+++ Dataset records +++

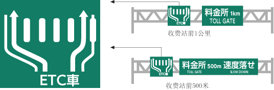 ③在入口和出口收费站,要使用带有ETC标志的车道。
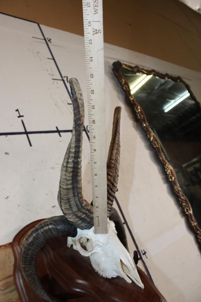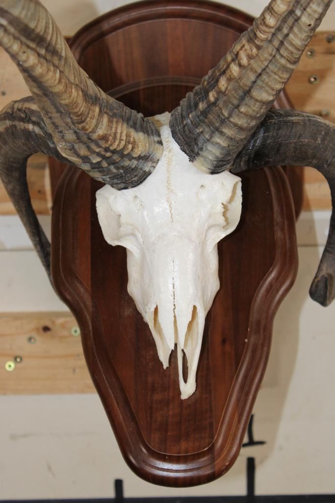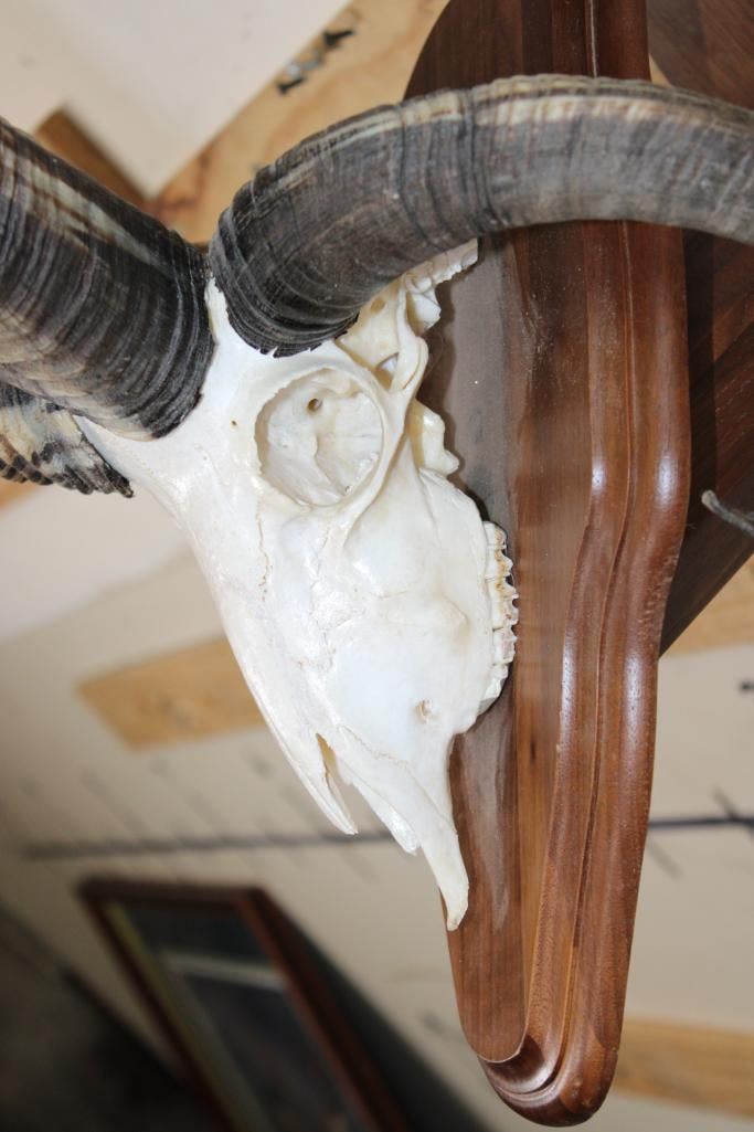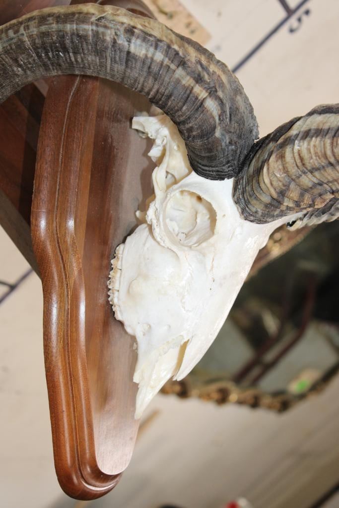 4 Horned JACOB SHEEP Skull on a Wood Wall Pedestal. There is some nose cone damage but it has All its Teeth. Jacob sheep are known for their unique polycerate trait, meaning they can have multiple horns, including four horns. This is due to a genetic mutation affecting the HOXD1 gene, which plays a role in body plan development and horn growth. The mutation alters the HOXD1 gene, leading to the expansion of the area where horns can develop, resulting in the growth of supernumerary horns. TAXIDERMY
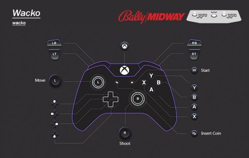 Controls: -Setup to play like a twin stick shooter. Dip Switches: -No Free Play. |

+++
+++ Dataset records +++

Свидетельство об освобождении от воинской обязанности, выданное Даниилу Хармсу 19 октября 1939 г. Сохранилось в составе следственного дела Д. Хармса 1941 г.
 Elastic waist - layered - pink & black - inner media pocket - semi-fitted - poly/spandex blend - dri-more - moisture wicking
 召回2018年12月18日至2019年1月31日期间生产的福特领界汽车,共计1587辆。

+++
+++ Dataset records +++

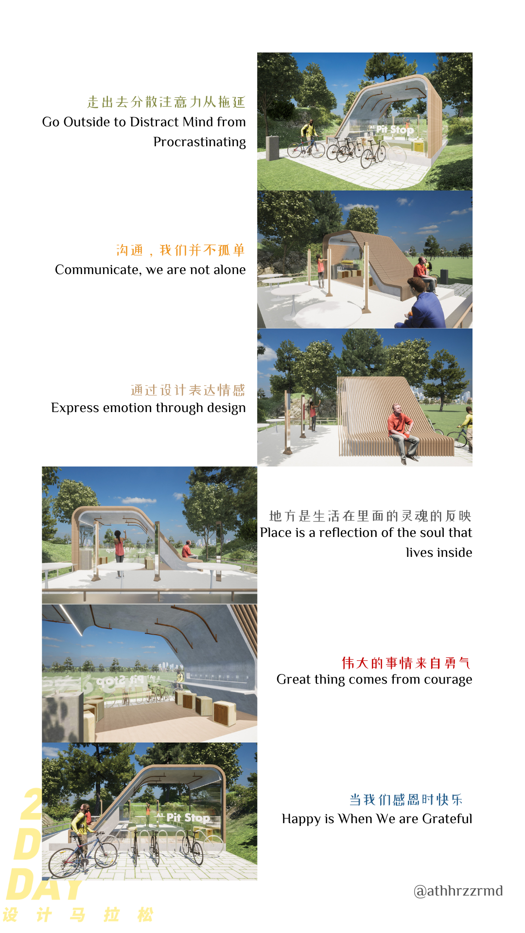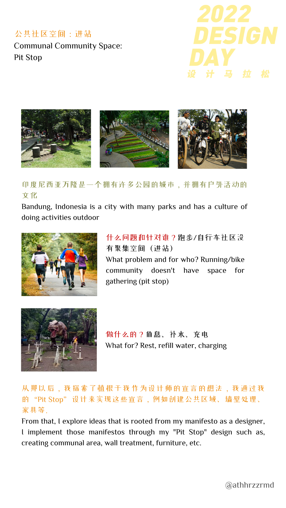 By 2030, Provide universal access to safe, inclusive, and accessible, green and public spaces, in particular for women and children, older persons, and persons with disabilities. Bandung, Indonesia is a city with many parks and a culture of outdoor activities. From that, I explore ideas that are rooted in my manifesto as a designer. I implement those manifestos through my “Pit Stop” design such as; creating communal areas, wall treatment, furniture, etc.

+++

**Problem details**
Copy word for word only the lines above from the one with "③在入口和出口收费站,要使用带有ETC标志的车道。" through the one with "Controls: -Setup to". Leave pictures out.

**Answer to the problem**
 ③在入口和出口收费站,要使用带有ETC标志的车道。
 4 Horned JACOB SHEEP Skull on a Wood Wall Pedestal. There is some nose cone damage but it has All its Teeth. Jacob sheep are known for their unique polycerate trait, meaning they can have multiple horns, including four horns. This is due to a genetic mutation affecting the HOXD1 gene, which plays a role in body plan development and horn growth. The mutation alters the HOXD1 gene, leading to the expansion of the area where horns can develop, resulting in the growth of supernumerary horns. TAXIDERMY
 Controls: -Setup to play like a twin stick shooter. Dip Switches: -No Free Play. |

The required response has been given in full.